Мы спасаем попаданцев (СИ) - Карпин Дмитрий. Страница 27
– Кецалькоатль!
– Кецалькоатль!
– Кецалькоатль!
И Кецалькоатль доволен.
«Это и отличает человека от животного, – думает Пернатый Бог, – животное убивает из страха или ради пропитания, а человек... человек может убивать просто ради удовольствия… получая высшее наслаждение в каждой секунде агонии своей жертвы».
И Кецалькоатль получает это наслаждение, он полностью счастлив, ведь это его мир, мир, живущий по его законам и правилам, мир, где он истинный хозяин!
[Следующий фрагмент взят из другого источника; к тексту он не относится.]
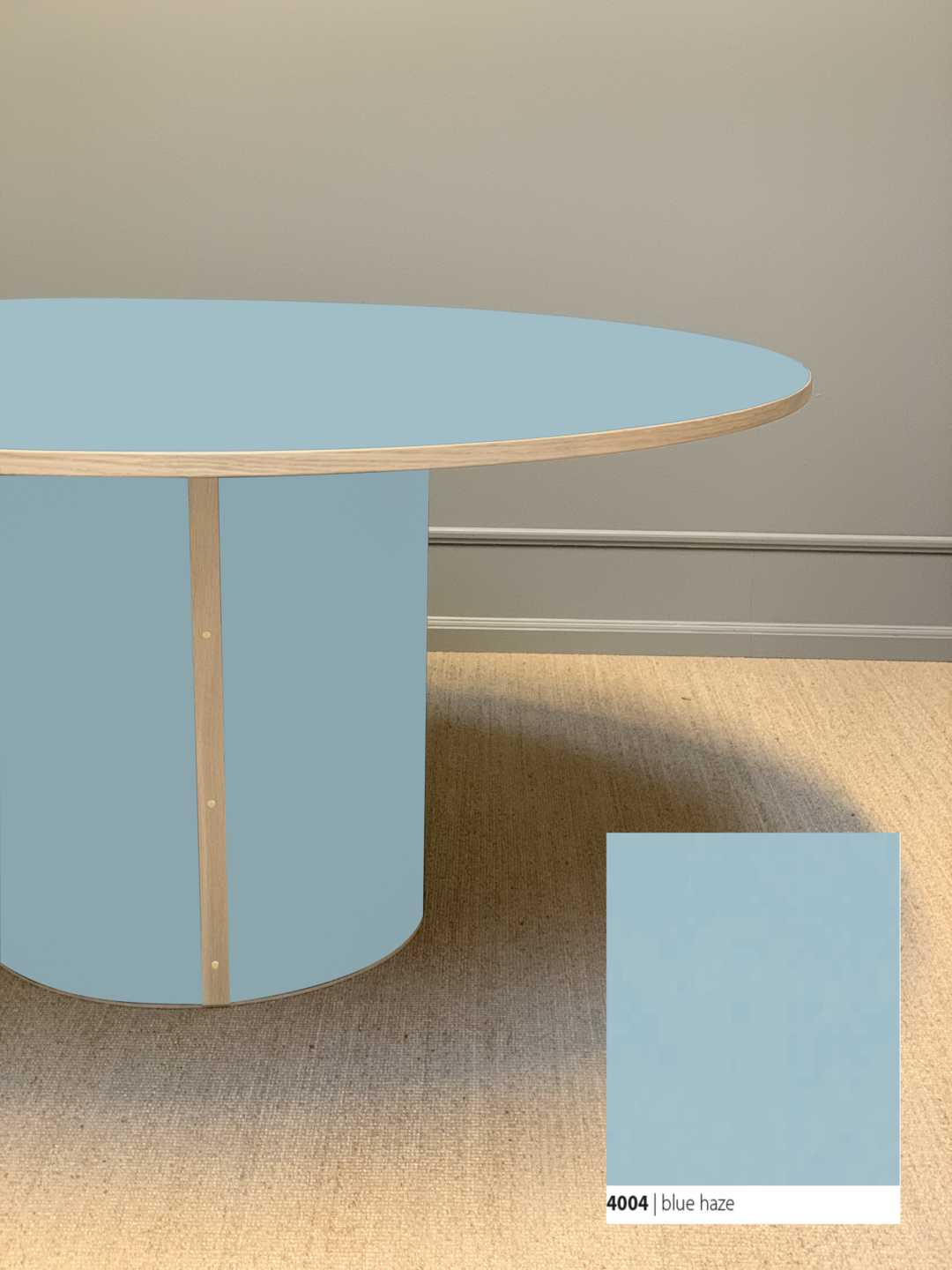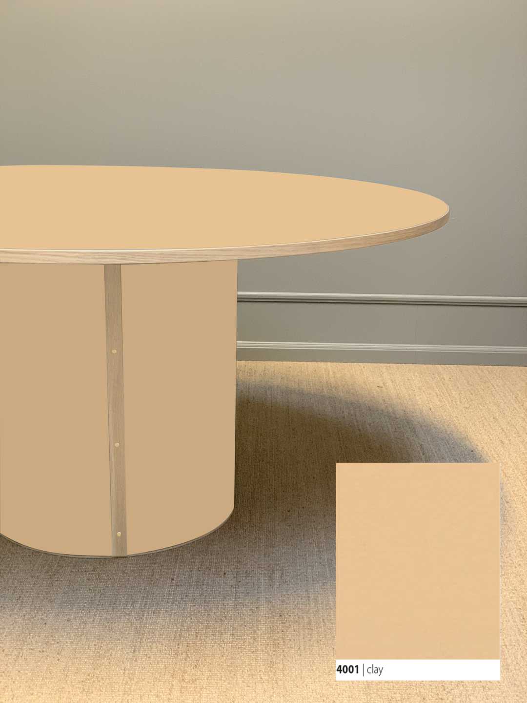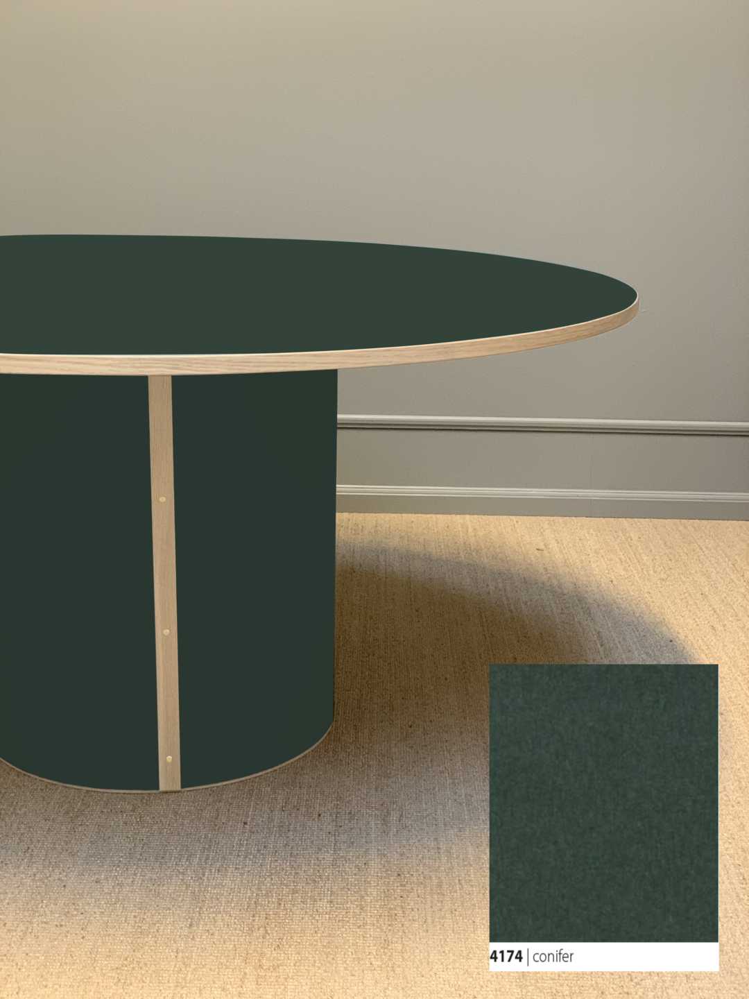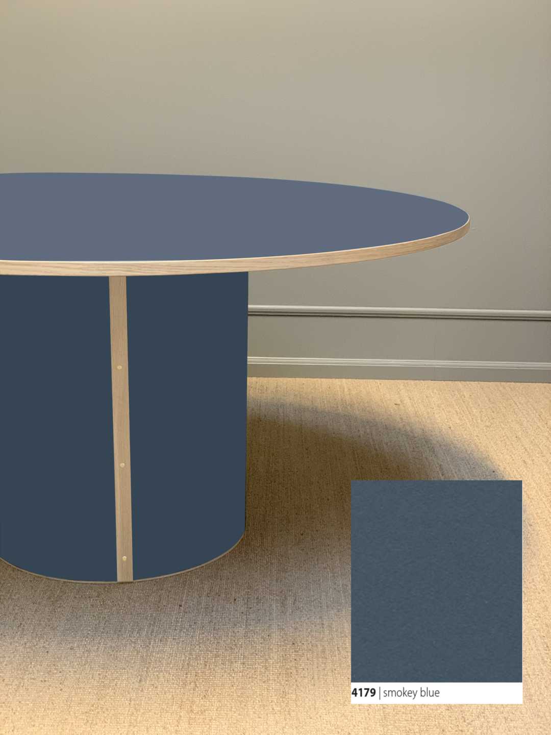 Moderne og stadig klassisk, rundt spisebord med et stabilt søjleben. Søjlebenet er dimensioneret efter bordets diameter, hvilket sikrer både er balance i bordets designmæssige udtryk og stabilitet i hverdagen.

А ведь когда-то все было совсем иначе, и великий Пернатый Змей был всего лишь Володькой Курочкиным, и что такое высшее счастье он не знал. С детства он был несчастлив, рано потерял мать, остался с отцом пьяницей, пьяницей и садистом, который избивал сына по любому поводу и просто ради удовольствия. В школе его не любили, одноклассники издевались, дразнили из-за дурацкой фамилии и часто давали взбучку. В общем, детство и юность прошли в полном несчастье и жажде мести. Но отомстить Володька не мог, одноклассники были сильнее, отец тоже, зато были те, кто помладше, при возможности Курочкин научился выпускать гнев на мелкоте. А еще зверюшки, маленькие, пушистые, беззащитные твари. Однажды юный Володька обнаружил в подвале соседскую кошку с котятами, только-только раскрывшими глазки. Сначала он не знал, что с ними делать, долго-долго наблюдал, обходил стороной, пока мать-кошка не ушла по своим делам. Тогда Володька взял одного котенка и принялся его гладить, но тот начал пищать, кричать и звать мамку, это очень не понравилось Курочкину, противный кошачий писк разозлил его. И Володька сдавил котенку горло, тот захрипел, постарался царапаться, но вскоре затих, сердечко перестало биться, дыхание иссякло, а голубые глазки остекленели. Так Курочкин впервые отнял чью-то жизнь, и это ему чертовски понравилось. Он ощутил силу и власть, а еще ему очень понравилось метание жертвы, ее молящий взгляд, предсмертная покорность и агония, когда жизнь покидает тельце, и глаза становятся стеклянными. Вслед за первым котенком в жертву наслаждения Володьке последовали и остальные. Затем он выкинул их трупики и с чувством неимоверного счастья, будто прикоснувшись к чему-то тайному, запертому и волшебному, стал ждать кошку. Нет, кошку он не убил, хотя и собирался это сделать, но метания по подвалу бедного создания, молящее мяуканье, призывающее откликнуться потерявшихся котят, заставили Володьку отказаться от этой мысли. И опять же, нет, он не пожалел мать в ее горе, а познал еще один вид наслаждения – видеть, как безутешно страдают другие. Нет, таких убивать не стоит, таким лучше сохранить жизнь, чтобы продлить их агонию и соответственно свое удовольствие.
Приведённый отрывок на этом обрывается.